:: AVAILABLE DATA ::
******************************

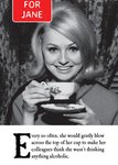 Front of card: Featuring a vintage black and white photo of a lady enjoying a cup of tea. Text reads: "For Jane every so often, she would gently blow across the top of her cup to make her colleagues think she wasn’t drinking anything alcoholic.” 'For Jane' can be personalised!
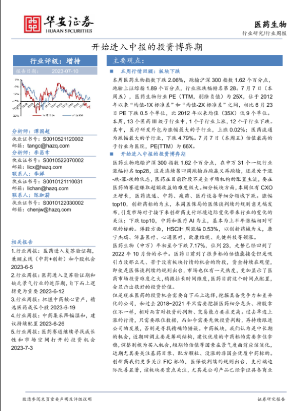 【华安证券】【20230710】医药生物行业周报:开始进入中报的投资博弈期-22页
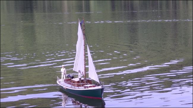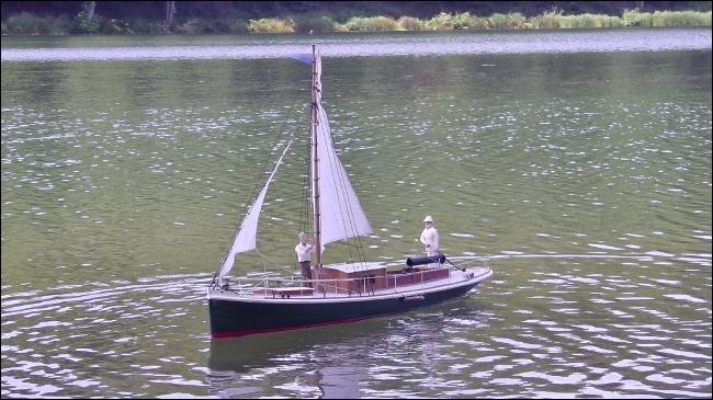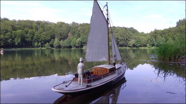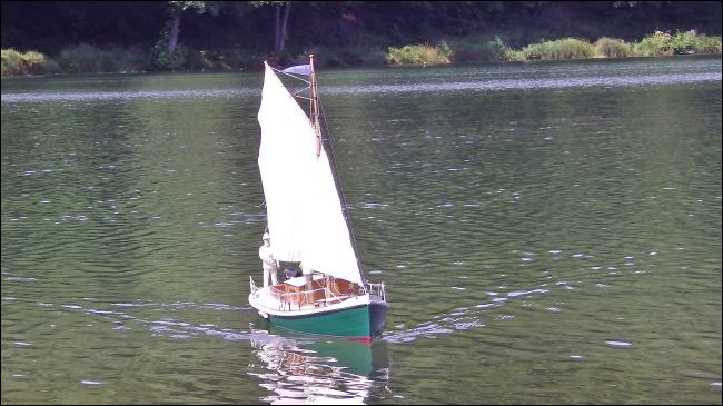 Bei mäßigem Wind ging es dann los. Zuerst wurde einmal nur mit dem Motor als Antrieb gefahren um zu sehen wie sich der „Paulus“ auch mit gesetztem Segel verhält. Er nahm gut Fahrt auf und ist recht flott unterwegs. Trotz des Segels krängte er sehr wenig. Dann wurde der Motor ausgeschaltet und es wurde versucht nur mit dem Segel voranzukommen. Relativ langsam nahm er Fahrt auf, stand auch mal still und zeigte wenig Abrieb aufgrund des langen Kiels.
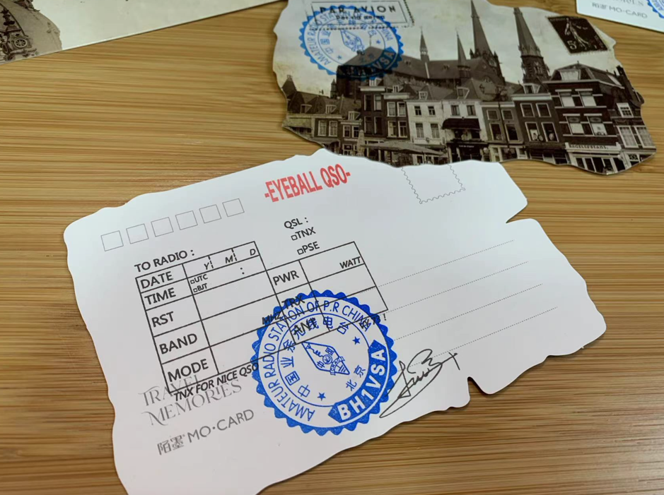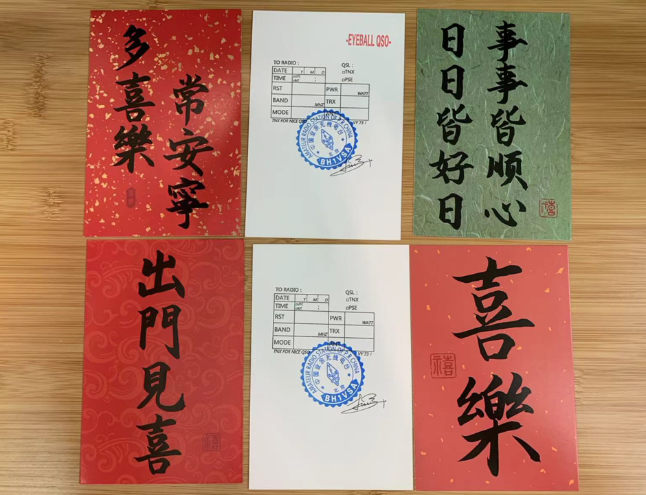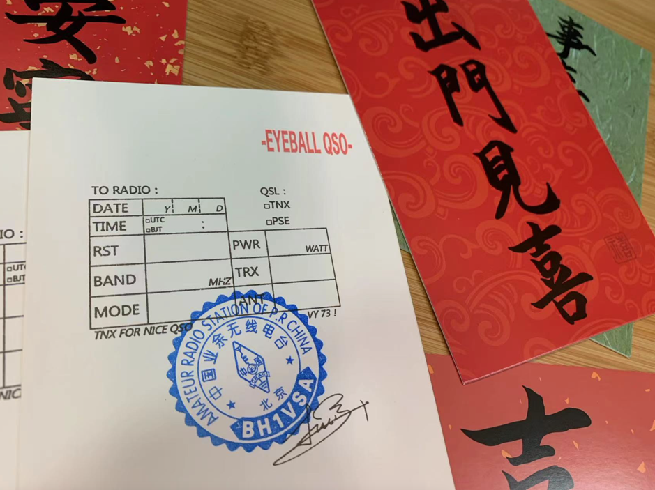 我们制作卡片用到了现成的印章,例如QSL表格直接用了“QSL印章”,直接盖到卡片上即可。同时盖了“呼号印章”和“签名印章”。当然,卡片要通过线下活动(例如俱乐部或协会的年会)交换,我们再盖上“眼球章”,也就是EYEBALL QSO。
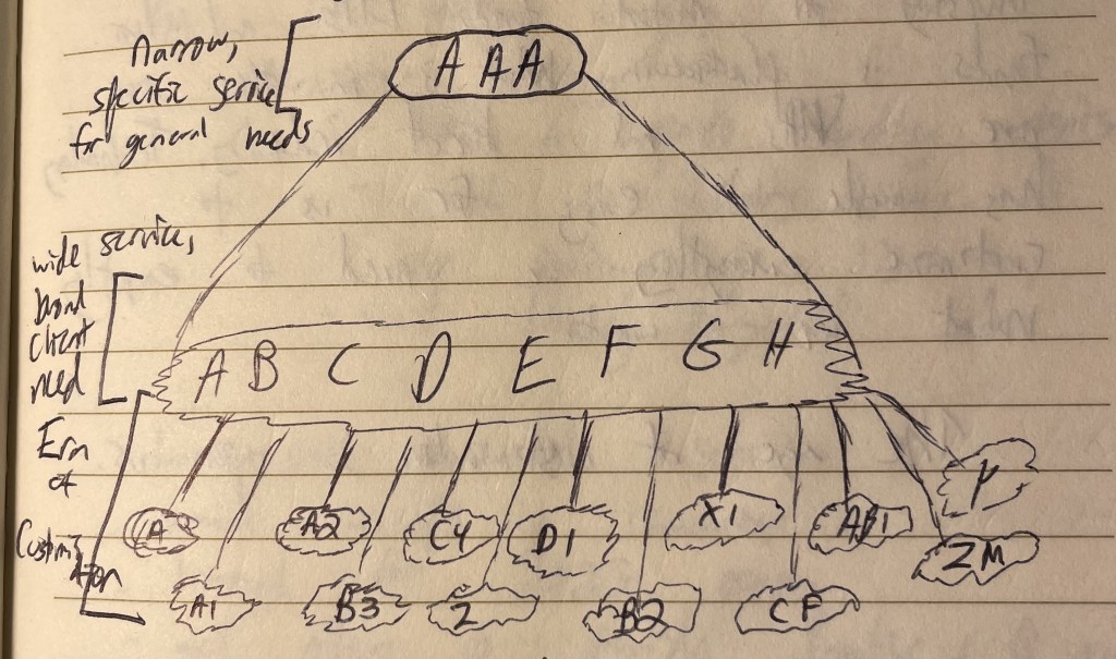 See the (poorly sketched) chart below. The top layer is the extremely narrow and custom experience we lived in as humans from the rise of the merchant class Phoenicians around 1000 BC until Sam Walton and Walmart showed up in the mid 20th century. The bottom layer is where we exist today – the era of hyper customization:
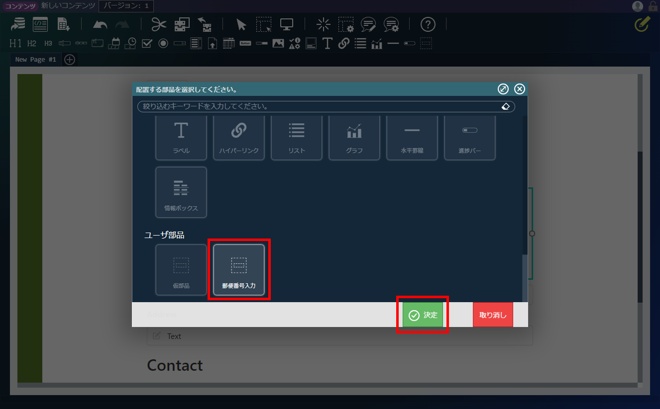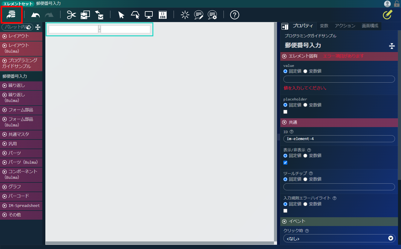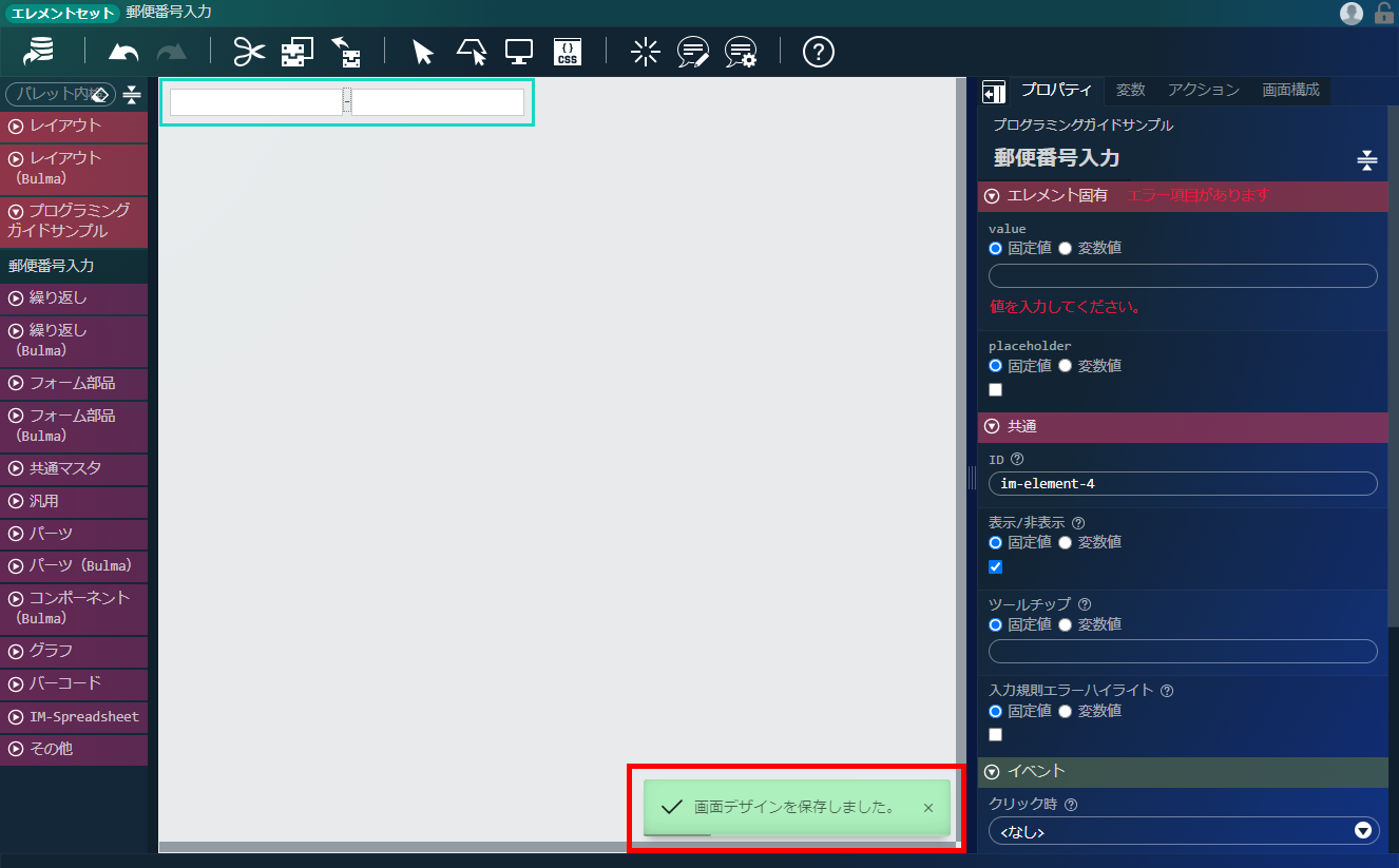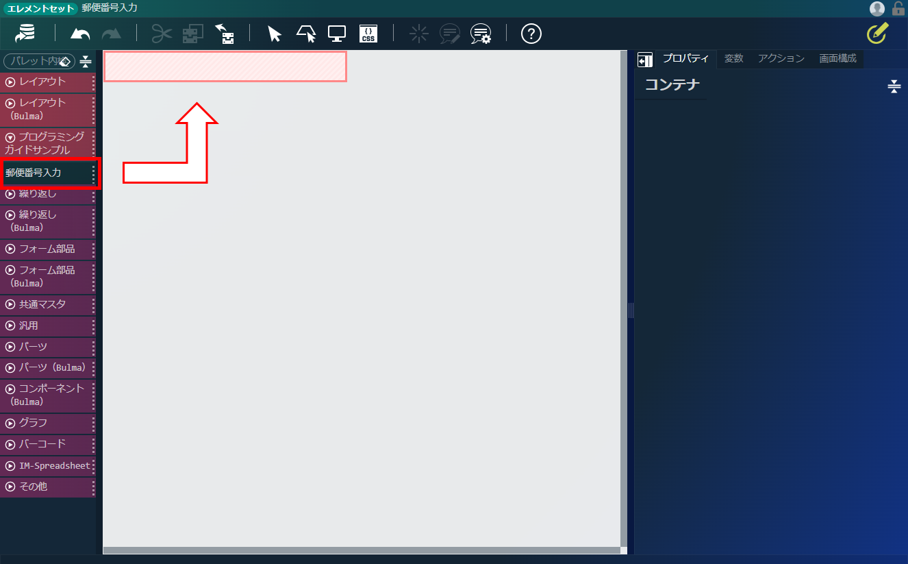 エレメントパレットから、「プログラミングガイドサンプル」-「郵便番号入力」をコンテナにドラッグ&ドロップします。「デザイナ」画面上部、ヘッダ内の「上書き保存」アイコンをクリックします。

******************************

With the pictures removed, return the data above word for word.

 Front of card: Featuring a vintage black and white photo of a lady enjoying a cup of tea. Text reads: "For Jane every so often, she would gently blow across the top of her cup to make her colleagues think she wasn’t drinking anything alcoholic.” 'For Jane' can be personalised!
 【华安证券】【20230710】医药生物行业周报:开始进入中报的投资博弈期-22页
 Bei mäßigem Wind ging es dann los. Zuerst wurde einmal nur mit dem Motor als Antrieb gefahren um zu sehen wie sich der „Paulus“ auch mit gesetztem Segel verhält. Er nahm gut Fahrt auf und ist recht flott unterwegs. Trotz des Segels krängte er sehr wenig. Dann wurde der Motor ausgeschaltet und es wurde versucht nur mit dem Segel voranzukommen. Relativ langsam nahm er Fahrt auf, stand auch mal still und zeigte wenig Abrieb aufgrund des langen Kiels.
 我们制作卡片用到了现成的印章,例如QSL表格直接用了“QSL印章”,直接盖到卡片上即可。同时盖了“呼号印章”和“签名印章”。当然,卡片要通过线下活动(例如俱乐部或协会的年会)交换,我们再盖上“眼球章”,也就是EYEBALL QSO。
 See the (poorly sketched) chart below. The top layer is the extremely narrow and custom experience we lived in as humans from the rise of the merchant class Phoenicians around 1000 BC until Sam Walton and Walmart showed up in the mid 20th century. The bottom layer is where we exist today – the era of hyper customization:
 エレメントパレットから、「プログラミングガイドサンプル」-「郵便番号入力」をコンテナにドラッグ&ドロップします。「デザイナ」画面上部、ヘッダ内の「上書き保存」アイコンをクリックします。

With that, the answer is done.